Once you find the line with "晶缦家纺 2025新款喷气全棉13376纯棉斜纹纯色床单-沐兰 沐兰-雾霾蓝" in the entries below, print it and each line after it up to and including the line with "Miss Me Women's", exactly, without pictures.

## RECORDS TO PROCESS:
****

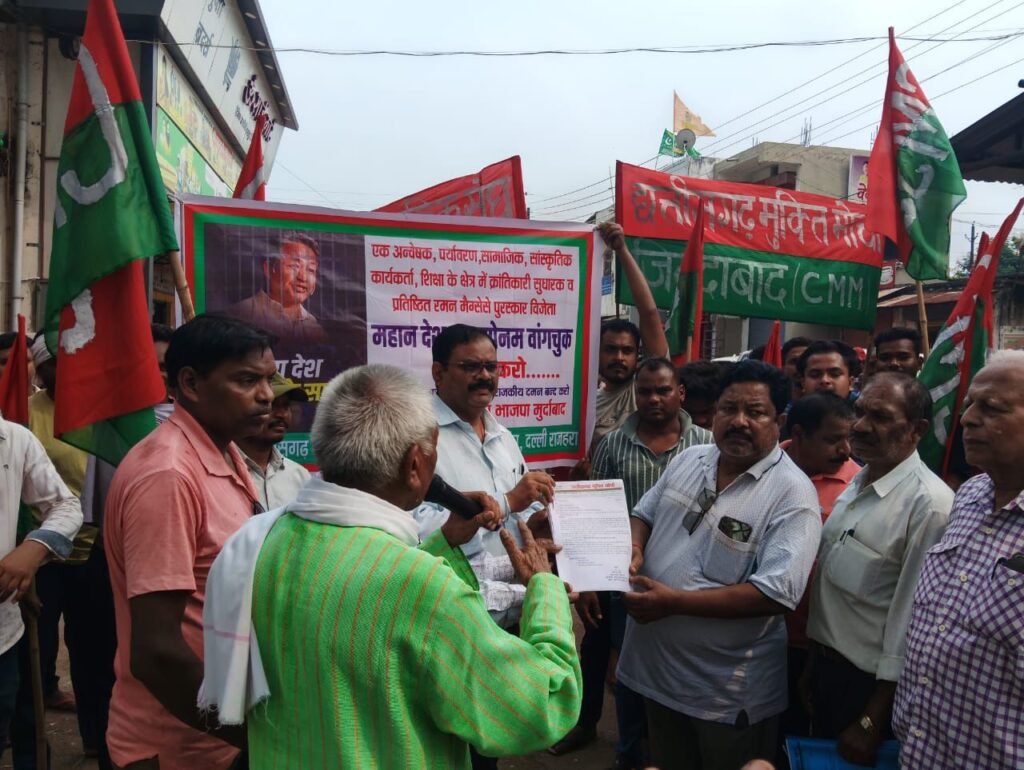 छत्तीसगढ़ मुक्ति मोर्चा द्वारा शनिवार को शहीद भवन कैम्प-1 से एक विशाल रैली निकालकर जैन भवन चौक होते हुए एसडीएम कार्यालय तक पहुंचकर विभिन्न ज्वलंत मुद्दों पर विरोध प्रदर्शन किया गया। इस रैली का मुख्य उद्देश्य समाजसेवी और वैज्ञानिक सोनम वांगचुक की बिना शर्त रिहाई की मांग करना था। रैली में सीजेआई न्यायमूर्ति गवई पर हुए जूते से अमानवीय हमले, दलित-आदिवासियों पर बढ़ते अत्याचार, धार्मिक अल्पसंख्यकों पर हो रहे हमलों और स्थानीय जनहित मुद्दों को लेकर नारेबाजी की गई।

****

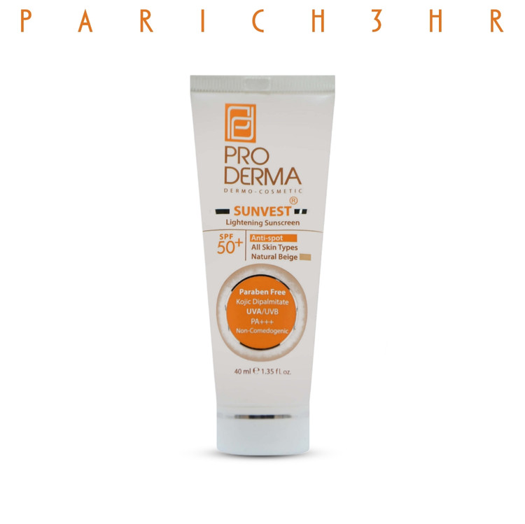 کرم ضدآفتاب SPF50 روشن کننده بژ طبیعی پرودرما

****

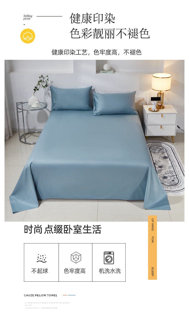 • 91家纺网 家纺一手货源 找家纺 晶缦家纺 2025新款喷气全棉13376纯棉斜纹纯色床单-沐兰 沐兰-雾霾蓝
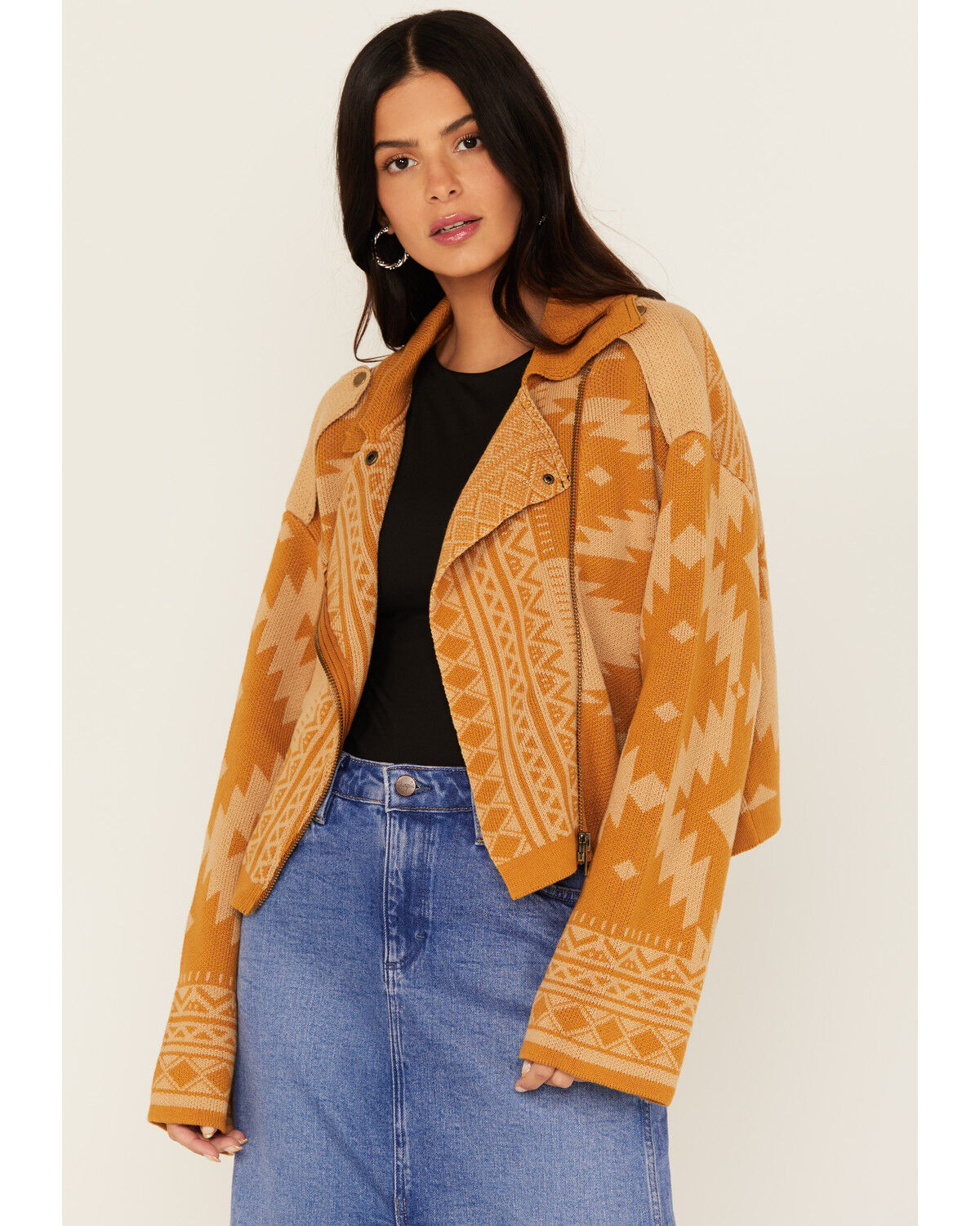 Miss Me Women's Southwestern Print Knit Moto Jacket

****

## RESULT:
 • 91家纺网 家纺一手货源 找家纺 晶缦家纺 2025新款喷气全棉13376纯棉斜纹纯色床单-沐兰 沐兰-雾霾蓝
 Miss Me Women's Southwestern Print Knit Moto Jacket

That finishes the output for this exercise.